Чтобы прекратить всякие сомнения, решили послать в Тулу за нашим старым доктором, милым Николаем Андреевичем Кнерцером.

Приехал Кнерцер, поздоровался с нами и сел около моей кровати. Он посмотрел на высыпавшую на лице и на руках сыпь, поискал ее на других частях тела, пощупал мой лоб, посчитал пульс и велел показать язык.

Потом он посмотрел на меня сначала через очки, потом сверх очков, и мне показалось, что в его глазах мелькнул насмешливый игривый огонек.

То же самое Кнерцер проделал у постели моих братьев.

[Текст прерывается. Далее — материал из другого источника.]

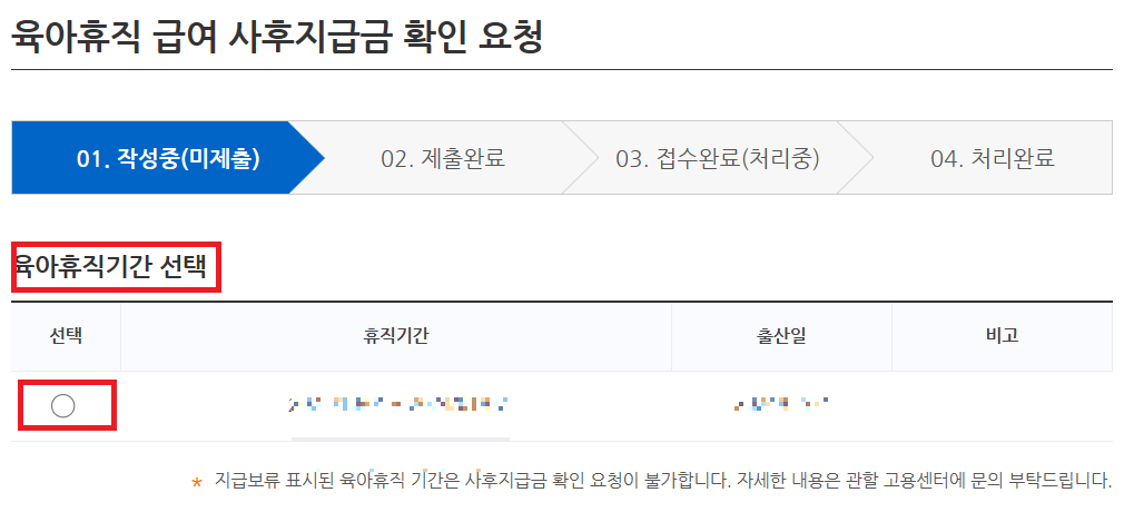 1. 고용보험 홈페이지 접속 > 모성 보호 탭 > 간편 로그인 후 > 육아휴직급여 사후지급금 확인 요청 클릭
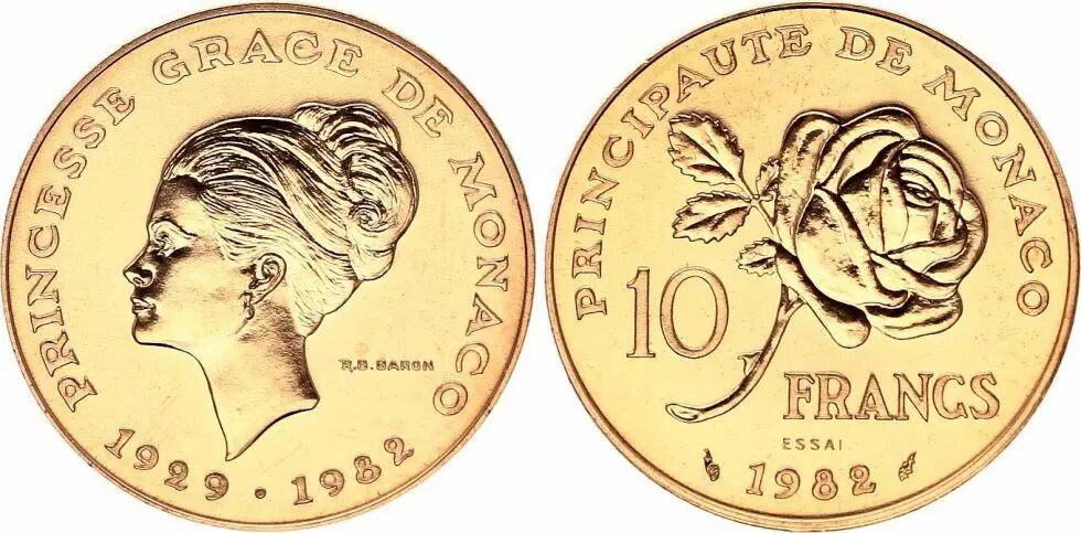 Home > World Coins > European Currencies > Monaco > Monaco 10 Francs Princesse Grace - 1982 pattern - UNC
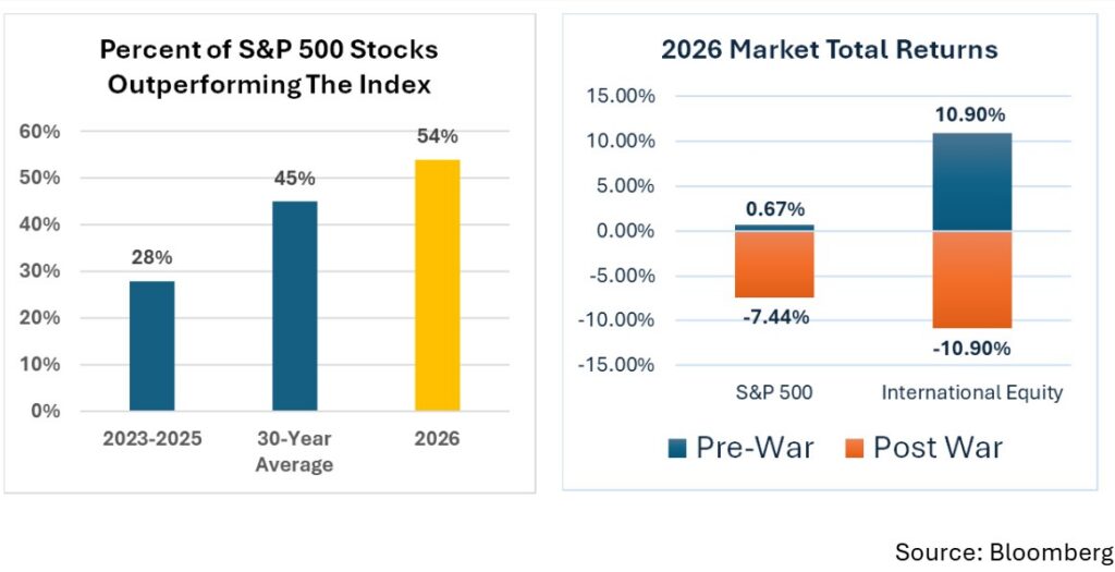The conflict dealt a blow to the narrative of synchronized global growth, especially for economies more directly exposed to energy shocks and with less policy flexibility than the United States, and pulled investors back toward the U.S. large-cap complex. In periods of genuine uncertainty, investors have a long history of favoring liquidity, scale, and perceived safety—all attributes that U.S. large-cap technology companies possess in ample supply. That instinct is understandable; though, it is not likely to be permanent. When the fog eventually lifts, there is good reason to think the case for a broader rotation will reemerge rather than vanish.

– Ну, что же? – спросила мама.

– У детей не корь, – сказал он наконец. – Жара у них нет, и сыпь сосредоточилась только на лице и руках. Не попало ли к ним на лицо что-нибудь такое, что могло произвести это высыпание?

– Не знаю, – сказала мама. Потом обратилась к нам: – Не мазали ли вы лица и рук чем-нибудь?

Меня вдруг осенила мысль.

Это духи из стеклянных поросят, козлят и гусей, которыми мы душили руки и лицо.

Я быстро перекувыркнулась лицом в подушку и неудержимо начала хохотать, болтая ногами под одеялом.

– Что с тобой? – спросила мама.

– Это гуси! – закричала я. – И козлята. И поросята.

Мальчики поняли меня и тоже начали кричать:

– Это гуси! Поросята! Цыплята! Козлята!

Кнерцер оглядывал нас по очереди, думая, что мы рехнулись.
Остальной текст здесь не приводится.